Ali’s work has been featured as part of Maya Erskine’s curatorial and in Vogue’s curatorial next to Judy Chicago, penned by the brilliant Arden Fanning Andrews & guest curator Tamara Johnson.
“When I saw how Tappan Collective chooses guest curators to put together collections of works, I obviously was drawn to Maya Erskine’s picks,” says Johnson of the Pen15 creator-producer-actor’s selects, including Alexis Arnold’s sold-out Crystallized Books series and Ali Beletic’s Material and the Sensual series.
"We absolutely love the size and abstract nature of Ali's work. It has the power to be a beautiful focus of a room." - Brownstone Boys, renowned NYC Design/ Build Designers recently celebrated by HGTV, Domino, Lonny, New York Magazine, Rue, Good Morning America and the Magnolia Network
Beletic’s Neon Primitivism series is a natural extension of the artist’s commitment to primitivist ideology and ‘bringing the party and the fun’. This new series celebrates the canvas and painting as a form with the power to transfer primitivism, sensuality and emotion to a space in a modern return to Ab Ex style, mixing the ultra mattes of Mexican folk art by sourcing untraditional pigments and incorporating clays, botanical dyes and oils, and pointing to forms that enlight the viewer towards the multiple directions of cave paintings, the new york school, ceremonial body paints, line work, weathered artifacts, Charles Olsen’s Archaic Post Modern and pop art, celebrating the marriage of archaic and contemporary tradition, sensuality and artistic expression.

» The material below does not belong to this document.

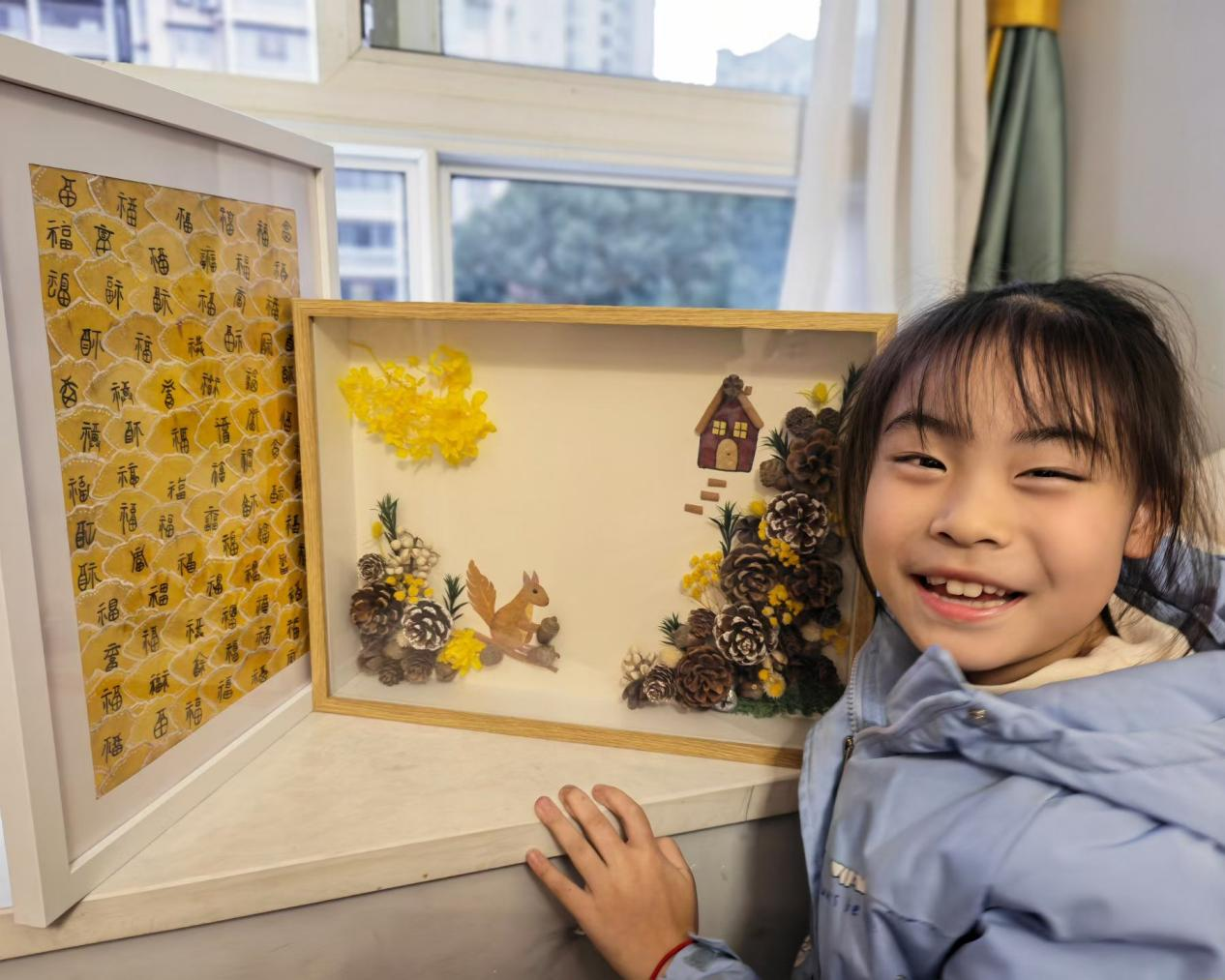 落叶有情,创意无限。同学们带着精心制作的贴画回到班级,色彩斑斓的作品摆满了展示区:灵动的蝴蝶、可爱的小兔、秋日的森林……每一幅都充满童真。相信这一片片承载着创意与美好的秋叶,将成为孩子们童年里一段温暖而珍贵的回忆,也将激励他们在未来的生活中,继续发现美、创造美。(严洪)

Ali’s work across multiple mediums has always been founded conceptually in both her nature and survival skills studies as well as her ‘bringing the party and the fun’. It is here that Ali’s conceptual work led naturally to the crossover that would lead her to explore paintings based on sensuality and dimension - the feeling, the experience and the space they create. It was here that she derived the process of working with clays, dried plant materials, botanical dyes, and paints made of finely crushed rare minerals and gems, to explore glowing mattes and chalky earthy textures. This follows in the tradition of her prior sculptural work (almost an artistic take on experimental archeology) which traces primitive technologies, and works with the experiential and the sensual - i.e. hand building mahogany and glass rain catchments, working with fire as a sculptural element, exploring artifact creation using primitive tools and techniques as a means to explore primitivism, lighting up a boulder strewn desert for invitees to walk through, and even building a surfboard from Tule reeds.
Her directness of emotion communicated through primal, rugged gestures, juxtaposed with an integration of ancient philosophies explores the thin line between symbolic icongraphy, anthropomorphic figuration, gestural abstraction and a modern pop sensibility. Her confident and rule shattering sensibility pulls on us to be 21st century rebels once again and to seek wildness, experience, humanity, and mythos.